§ **ASSIGNMENT**: From the entries below, print exactly the span beginning with the line holding "Posljednja izmjena: 22.1.2026." and ending with the line holding "4月10日,陶瓷愛(ài)好者陳添貴在準(zhǔn)備放入窯中燒制的茶具坯體。", endpoints included, and skip any pictures.

[DATA Boundary: Start]

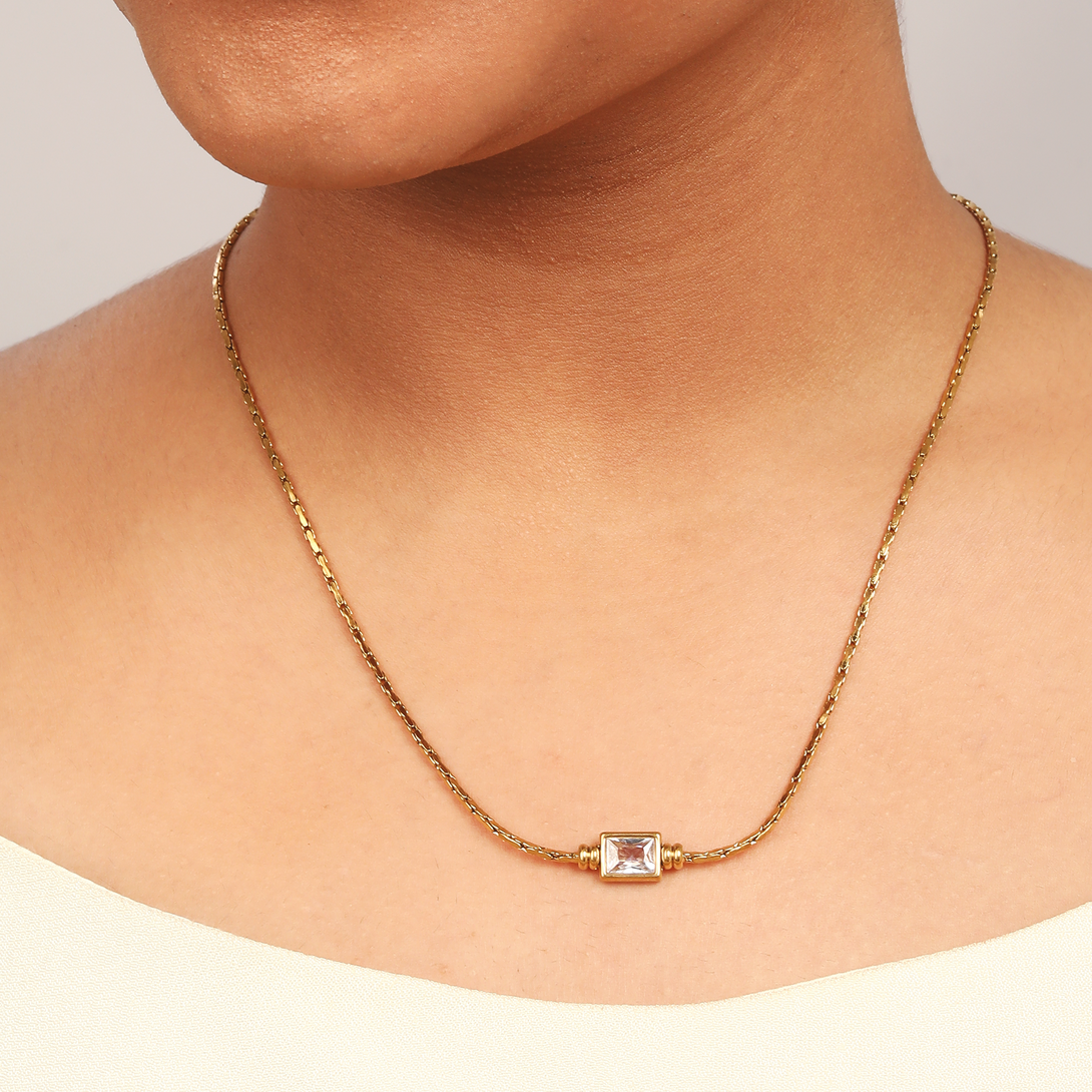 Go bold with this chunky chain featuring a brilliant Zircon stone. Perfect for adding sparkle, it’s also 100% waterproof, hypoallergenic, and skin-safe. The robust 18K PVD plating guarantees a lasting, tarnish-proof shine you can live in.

[DATA Boundary: End]
[DATA Boundary: Start]

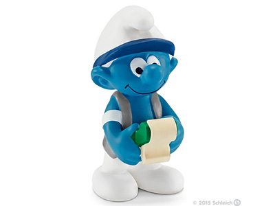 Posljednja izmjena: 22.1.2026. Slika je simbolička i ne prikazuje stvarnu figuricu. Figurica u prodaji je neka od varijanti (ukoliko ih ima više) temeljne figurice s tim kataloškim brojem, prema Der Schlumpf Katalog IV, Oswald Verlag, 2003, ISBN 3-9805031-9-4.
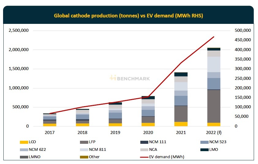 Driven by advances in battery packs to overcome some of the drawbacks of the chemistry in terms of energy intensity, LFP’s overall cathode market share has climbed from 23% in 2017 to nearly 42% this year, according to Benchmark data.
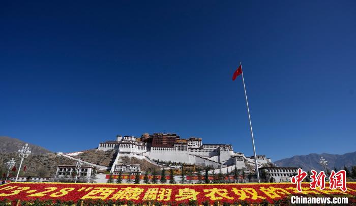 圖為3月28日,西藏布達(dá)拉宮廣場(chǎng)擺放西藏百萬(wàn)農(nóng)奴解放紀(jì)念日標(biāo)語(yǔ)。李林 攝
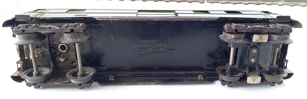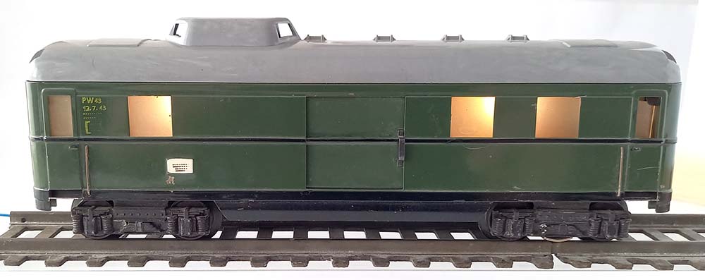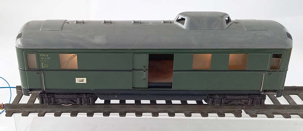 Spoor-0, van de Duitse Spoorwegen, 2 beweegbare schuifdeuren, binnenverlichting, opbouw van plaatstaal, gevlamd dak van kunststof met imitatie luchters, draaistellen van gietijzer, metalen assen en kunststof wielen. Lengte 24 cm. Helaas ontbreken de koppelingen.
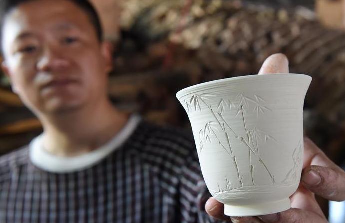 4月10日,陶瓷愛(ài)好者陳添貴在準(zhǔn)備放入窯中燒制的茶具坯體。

[DATA Boundary: End]
[DATA Boundary: Start]

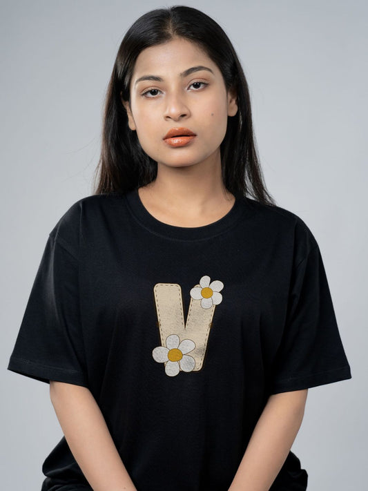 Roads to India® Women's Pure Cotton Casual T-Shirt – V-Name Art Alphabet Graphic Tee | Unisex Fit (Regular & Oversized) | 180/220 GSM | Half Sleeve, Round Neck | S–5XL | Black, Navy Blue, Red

[DATA Boundary: End]

§ **OUTPUT OF THE EXERCISE**:
 Posljednja izmjena: 22.1.2026. Slika je simbolička i ne prikazuje stvarnu figuricu. Figurica u prodaji je neka od varijanti (ukoliko ih ima više) temeljne figurice s tim kataloškim brojem, prema Der Schlumpf Katalog IV, Oswald Verlag, 2003, ISBN 3-9805031-9-4.
 Driven by advances in battery packs to overcome some of the drawbacks of the chemistry in terms of energy intensity, LFP’s overall cathode market share has climbed from 23% in 2017 to nearly 42% this year, according to Benchmark data.
 圖為3月28日,西藏布達(dá)拉宮廣場(chǎng)擺放西藏百萬(wàn)農(nóng)奴解放紀(jì)念日標(biāo)語(yǔ)。李林 攝
 Spoor-0, van de Duitse Spoorwegen, 2 beweegbare schuifdeuren, binnenverlichting, opbouw van plaatstaal, gevlamd dak van kunststof met imitatie luchters, draaistellen van gietijzer, metalen assen en kunststof wielen. Lengte 24 cm. Helaas ontbreken de koppelingen.
 4月10日,陶瓷愛(ài)好者陳添貴在準(zhǔn)備放入窯中燒制的茶具坯體。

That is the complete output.